Chapter 15 - A Glass of Champagne
“No!” Anna cried in protest, just as the handkerchief gently floated to the ground. She moved to cover her eyes right away, but it was too late; she caught sight of the reveal. However, as soon as her gaze settled upon his crotch, unbelievable fury descended upon her.
He had underwear on the entire time.
Anna’s eyes shot wide open. “You’re wearing something!” she yelled, enraged.
Bewilderingly, Dylan was nowhere to be found. Instead, she was staring up at a familiar dilapidated ceiling, the likes of which seemed ready to collapse at any moment.
Suddenly, she heard someone hiccup beside her. Anna turned her head, finding her four-year-old younger sibling staring at her with the large, frightened eyes of a rabbit.
“No,” Anna rushed to demure, “I wasn’t yelling at you…”
Thud. The potato her sibling held in hand fell onto the floor and began to roll away. The child’s big, beautiful eyes quickly began to well up with tears. Panicking, Anna got up with the intent to calm and comfort the child, but her efforts proved fruitless. Her sibling cried aloud at the sight of her face, sobbing profusely. Anna knew that if she came any nearer the child would only cry louder.
In the end, all Anna could do was escape the house and leave the child be.
Anna was beside Samantha, helping the older woman as she ironed some clothes. Whenever Samantha would request some water, Anna would reply with an affirmation and spray the clothing. Then, Samantha would smooth out the creases with a heated iron.
There was going to be a large party in the village under the name of Sir Tilda. The two were working on the suit Young Master Dylan would be wearing to the party.
“Okay, this is all done,” Samantha said to Anna. “Clean up and then bring this to Master Dylan before coming back. Make sure to take care not to crease it.” She handed the gentleman’s suit to Anna.

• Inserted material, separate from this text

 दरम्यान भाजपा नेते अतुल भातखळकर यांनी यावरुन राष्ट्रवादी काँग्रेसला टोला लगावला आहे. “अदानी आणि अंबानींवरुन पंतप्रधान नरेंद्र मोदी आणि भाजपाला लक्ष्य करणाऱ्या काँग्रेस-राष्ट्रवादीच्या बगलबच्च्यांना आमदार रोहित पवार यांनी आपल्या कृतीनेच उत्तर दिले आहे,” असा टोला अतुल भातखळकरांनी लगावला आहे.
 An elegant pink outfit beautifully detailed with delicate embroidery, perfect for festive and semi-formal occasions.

All of a sudden, Catherine, another maid, jumped between them and snatched the suit before Anna could grab it. Shrugging her shoulders, Anna just opted to concentrate on cleaning up.
In the afternoon, some workers were charged with heading over to Sir Tilda’s residence to aid the household in their preparations for the party. “Let’s go. Quickly, before we’re late,” Samantha commanded, and six servants in total joined her as she left for Sir Tilda’s residence.

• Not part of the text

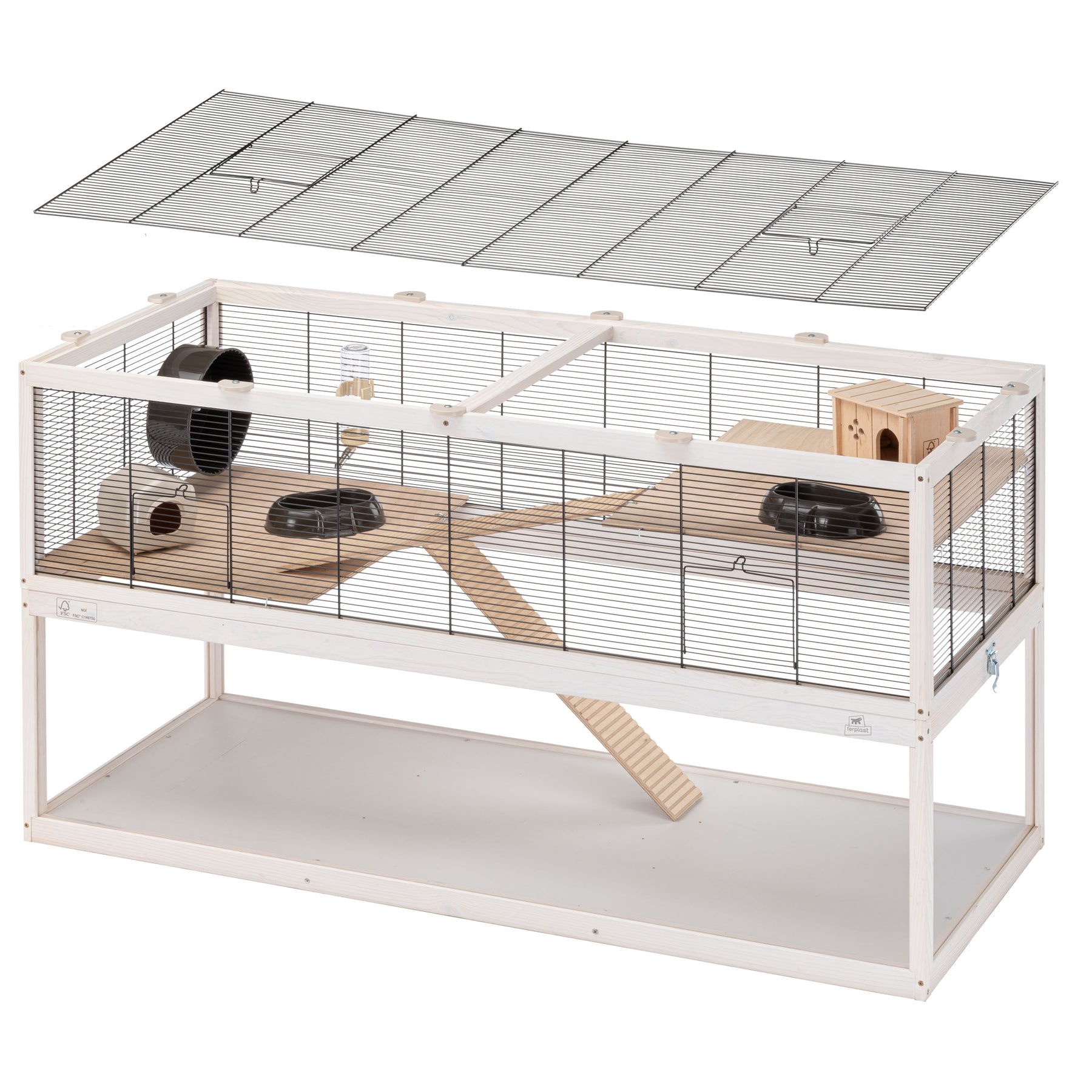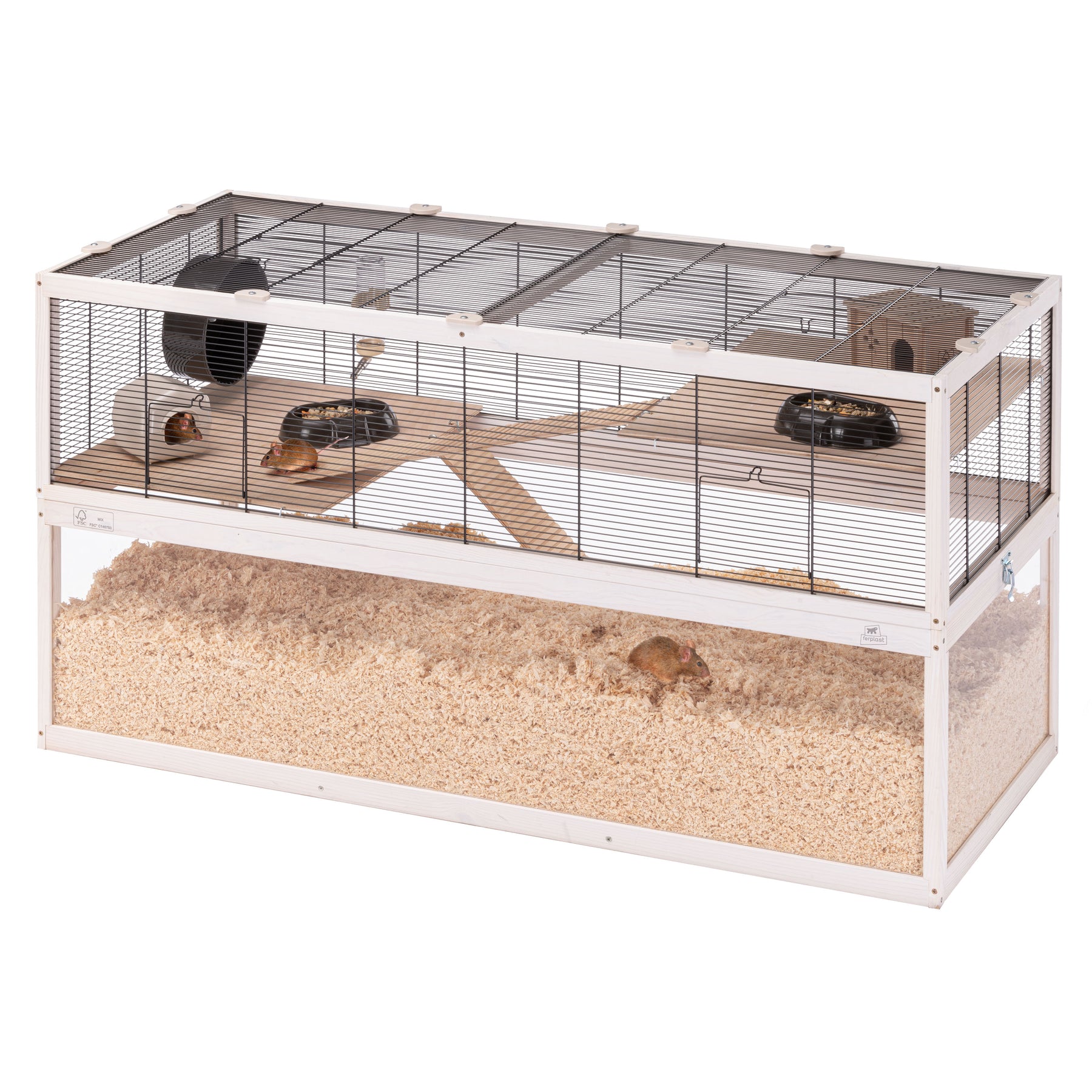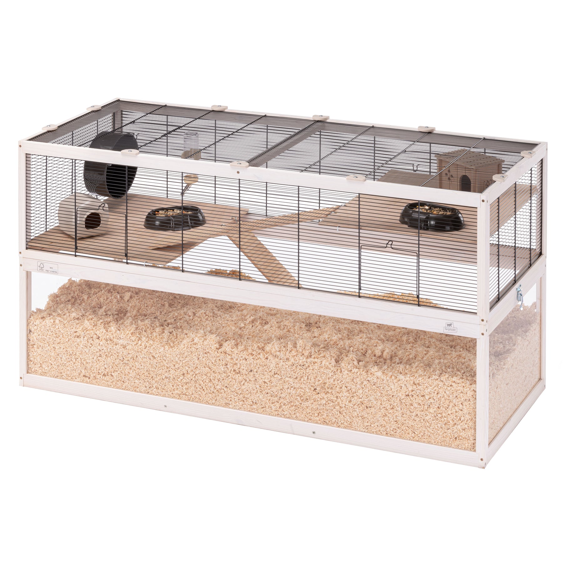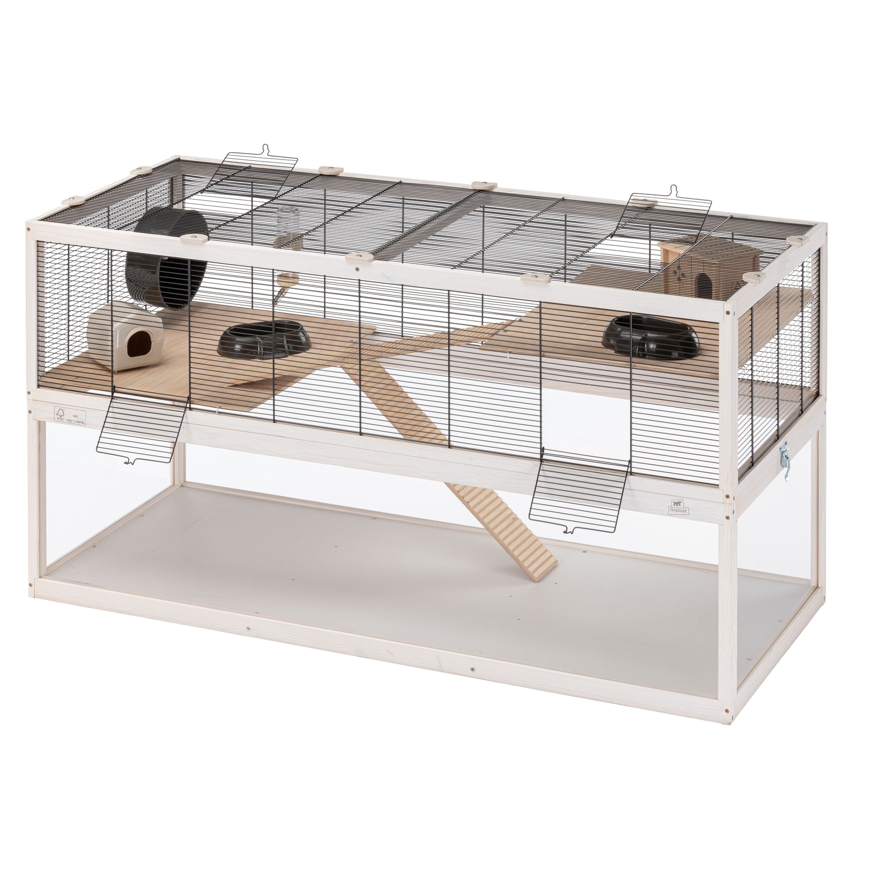 FSC™ certified wooden cage for hamsters and mice. Accessories included.

Sir Tilda’s household possessed an overwhelming amount of capital, so they would often throw parties simply for amusement. Every time they did so, they wouldn’t have enough employees to execute the preparations, so they would recruit workers from other households to make up for it. Although they had enough money to throw all these lavish parties, they were too stingy to employ enough workers so they could handle the workload themselves. The servants never got any extra pay for their efforts, but they opted not to complain too much because they were allowed the privilege of participating in the parties and taking home the leftover food.
“You two go to the kitchen. As for the rest of you, change your clothes and go to the main hall. Help out with the serving,” said an older man addressing the visiting servants. He worked in Sir Tilda’s household, and he looked to be in a position of equal prestige as that of Samantha in the Kilner household.
“May I go to the kitchen to help out as well?” Anna asked.
Of course, simply working at the party didn’t guarantee getting any food. Not everyone could be so fortunate. If given the task of working in the kitchen, however, those chances would improve.
Unfortunately, the older man leveled Anna with an austere expression and simply pointed to the main hall, looking as if he would kick her in the bum if she dared to ask to work in the kitchen again.
“The guests will arrive soon,” he continued, “so pour the champagne and place the glasses on the trays.”
All the female workers wore a black dress with a feather on their necks and a white apron across their fronts. The dress was plain and cumbersome, long enough to cover the length of their entire bodies, and designed in such a way that the party’s main guests would stand out more in comparison.
Abruptly, the sound of glass shattering resounded through the air. When Anna lifted her head to the source, she found a girl who looked much younger than her, bowing deeply in apology. “I’m sorry,” she kept saying.
“Get your head on straight!” someone yelled out. “They’re coming!”
The shout seemed to Anna like the heralding cry of imminent war.
Wearing a black suit, Dylan stood next to a friend of his, sipping on some champagne. The area was filled with laughter and cheerful conversation. Alcohol seemed to filter the world around the crowd, making even the worst jokes sound like the funniest thing anyone’s ever heard.
“Hey, Dylan,” said Chess, Dylan’s childhood friend. “Where were you and what’ve you been doing this whole time?”
“You do know you’re asking me the same exact question as you did when we met several days ago, right?” Dylan replied, uninterested. His eyes kept chasing after a certain someone.
“Is that so.”
“Who have you been staring at so intently?”
Dylan was leaning against a wall, watching something off in the distance. Chess followed Dylan’s gaze and then broke out into a grin, smiling like an idiot as soon as soon as he realized who was occupying all of Dylan’s attention.